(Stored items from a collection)
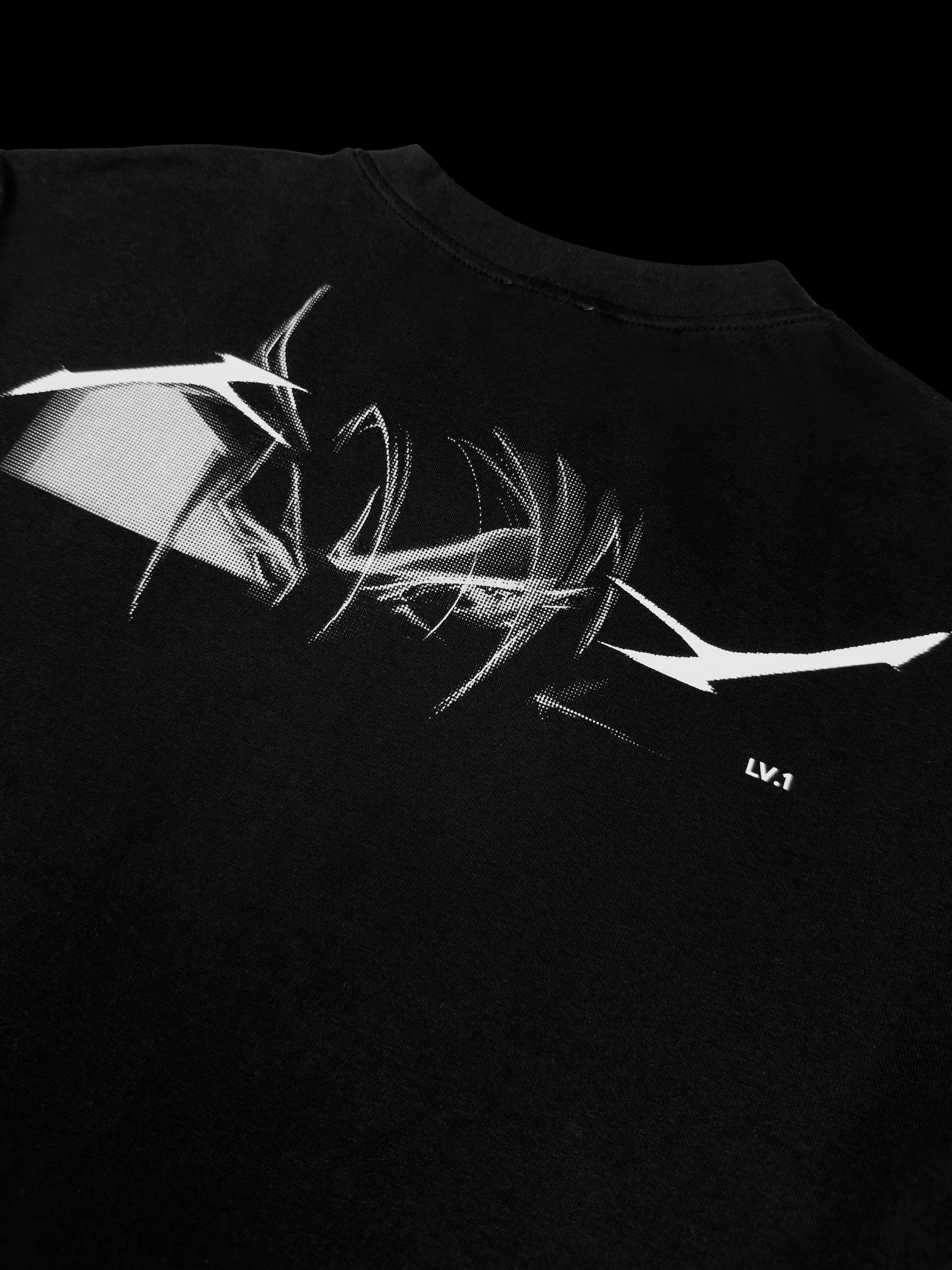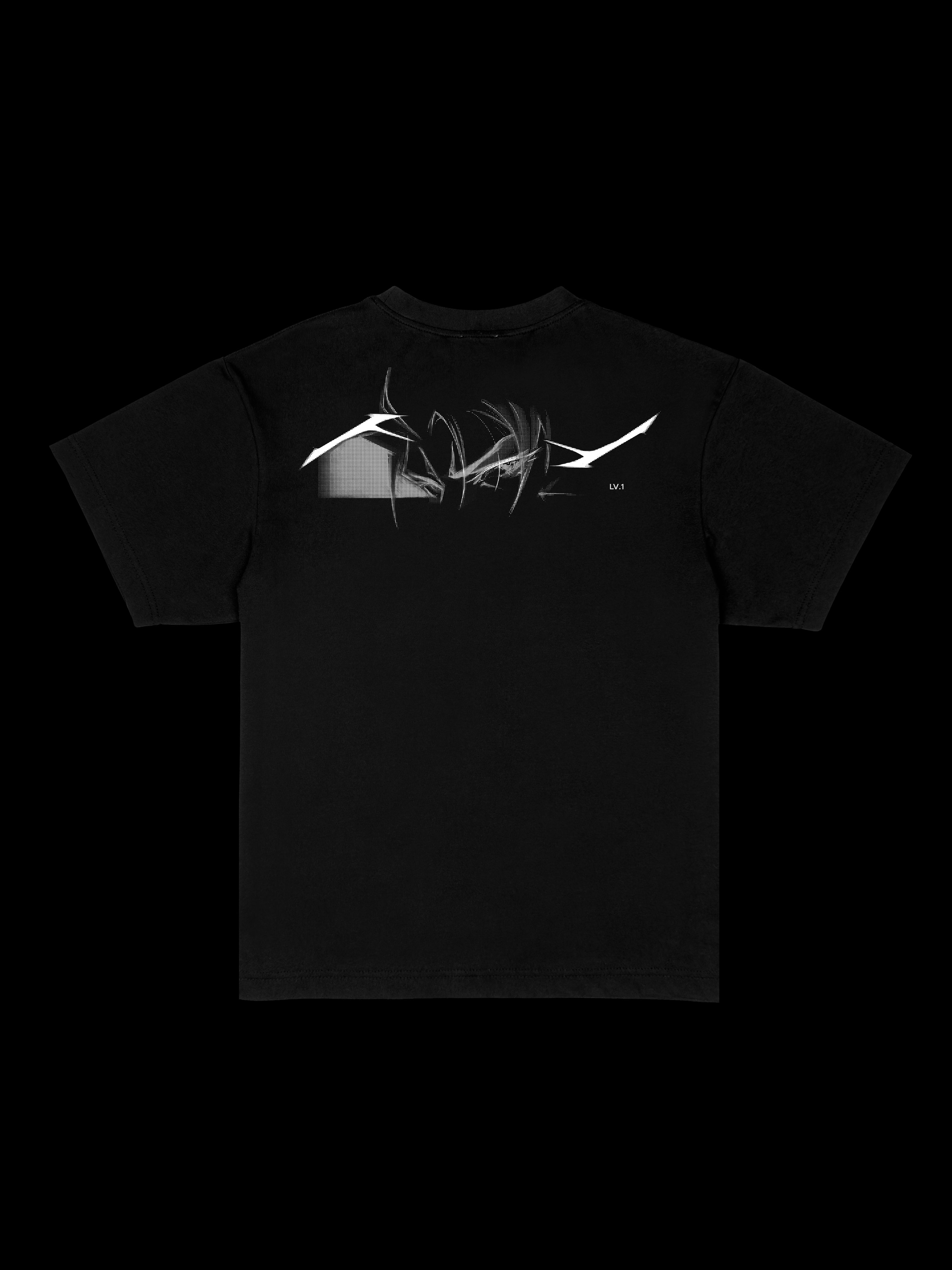 A gaming-inspired graphic tee titled "sketch 1" crafted from sorona® breathable cotton. Features a hextor print on the back and his blade artwork on the front. designed as part of the notinlist gaming merch lineup, balancing comfort and narrative detail.
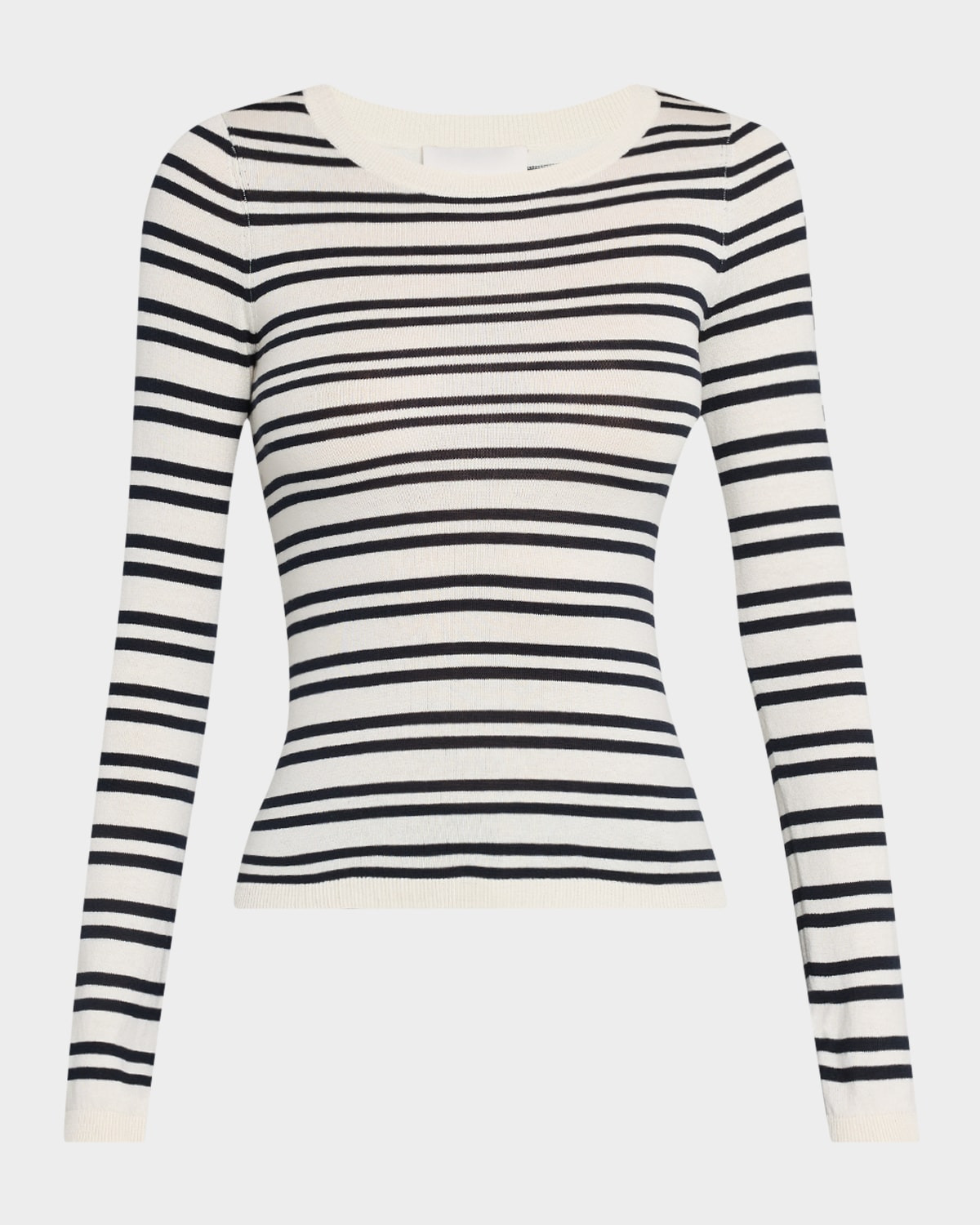 - TWP full-fashioned striped knit top in a ribbed finish - Approx. 23.3"L from shoulder to hem - Crew neckline - Long sleeves - Second-skin fit - Hip length - Pullover style - Mulberry silk/cotton - Dry clean - Made in USA from imported materials
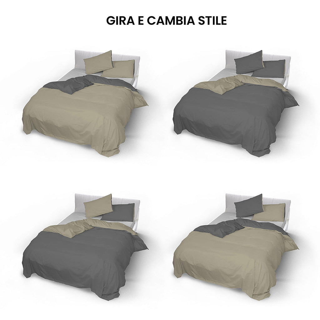 Copripiumino con Sacco e Federe Doubleface Tortora\/Fumo
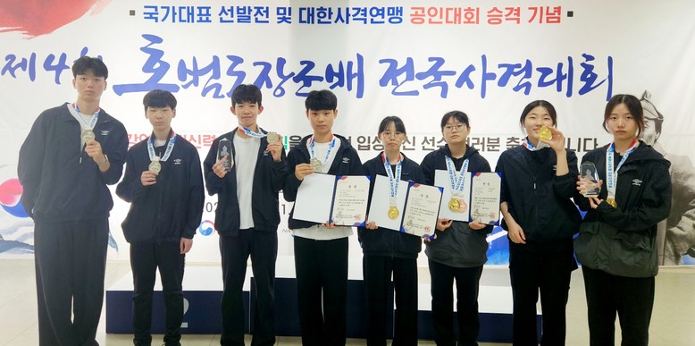 | ▲ 남자소총단체2위(박재현(3년) 장유흔(2년) 송건호 한동완(이상3년) 여자소총단체1위(라현영 정승희 김민정 권가비(이상3년) |
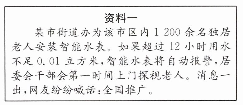 (1)①这项举措有利于保障独居老人的生命和健康,使他们更好地享受晚年生活,更充分感受到社区、社会的温暖。②这是充分利用现代科技进步对“互联网+”的智慧养老服务的探索。③这是践行以人民为中心的发展思想的惠民举措等。
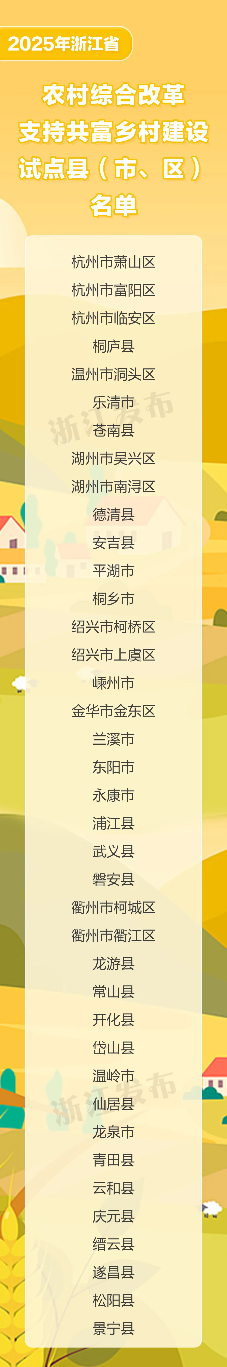 经县级申报、省级评审、名单公示等系列程序,浙江省财政厅近日发布通知,同意39个县(市、区)列入2025年度农村综合改革支持共富乡村建设试点范围。
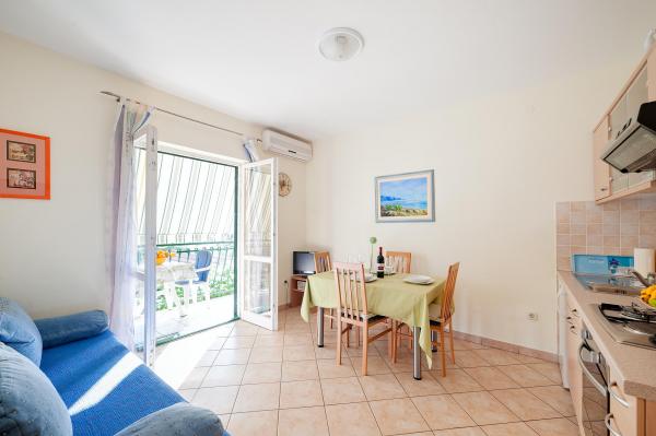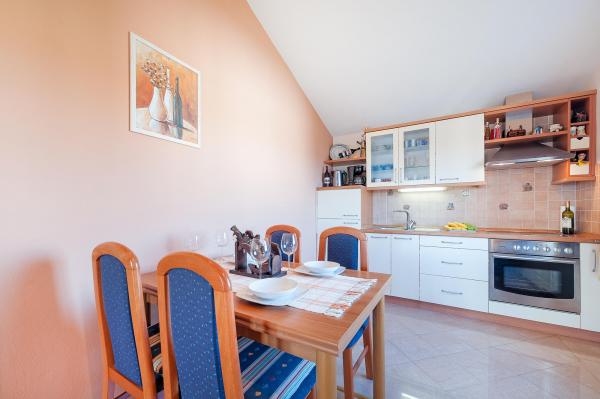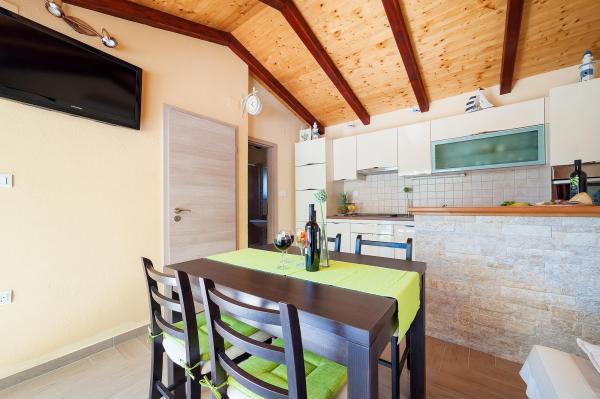 Apartman se nalazi na prvom katu s pogledom na more, uređen sa stilom i veoma čist. Sve je vrlo moderno i osjecate se udobno. Veliko i prostrano kupatilo, što je za mene veoma bitno. Domaćini su ljubazni, ljubazni i uvijek su tu što god da vam treba. Jako puno znaju o okolnim mjestima i izletištima. U hladnjaku nas je dočekala boca hladne vode i mineralne, a na odlasku prigodan poklon-suvenir. Velika pohvala na hortikulturnom uređenju dvorišta i prostoru za zajedničko druženje uz roštilj. Ovo je bio jedan od najljepših naših boravaka u ovom tipu objekta, odnosno u apartmanu.

- TO DO
An exact copy is needed of the lines running from the one with "(1)①这项举措有利于保障独" through the end of the data above, and of those lines only, without pictures.

- RESULT BELOW
 (1)①这项举措有利于保障独居老人的生命和健康,使他们更好地享受晚年生活,更充分感受到社区、社会的温暖。②这是充分利用现代科技进步对“互联网+”的智慧养老服务的探索。③这是践行以人民为中心的发展思想的惠民举措等。
 经县级申报、省级评审、名单公示等系列程序,浙江省财政厅近日发布通知,同意39个县(市、区)列入2025年度农村综合改革支持共富乡村建设试点范围。
 Apartman se nalazi na prvom katu s pogledom na more, uređen sa stilom i veoma čist. Sve je vrlo moderno i osjecate se udobno. Veliko i prostrano kupatilo, što je za mene veoma bitno. Domaćini su ljubazni, ljubazni i uvijek su tu što god da vam treba. Jako puno znaju o okolnim mjestima i izletištima. U hladnjaku nas je dočekala boca hladne vode i mineralne, a na odlasku prigodan poklon-suvenir. Velika pohvala na hortikulturnom uređenju dvorišta i prostoru za zajedničko druženje uz roštilj. Ovo je bio jedan od najljepših naših boravaka u ovom tipu objekta, odnosno u apartmanu.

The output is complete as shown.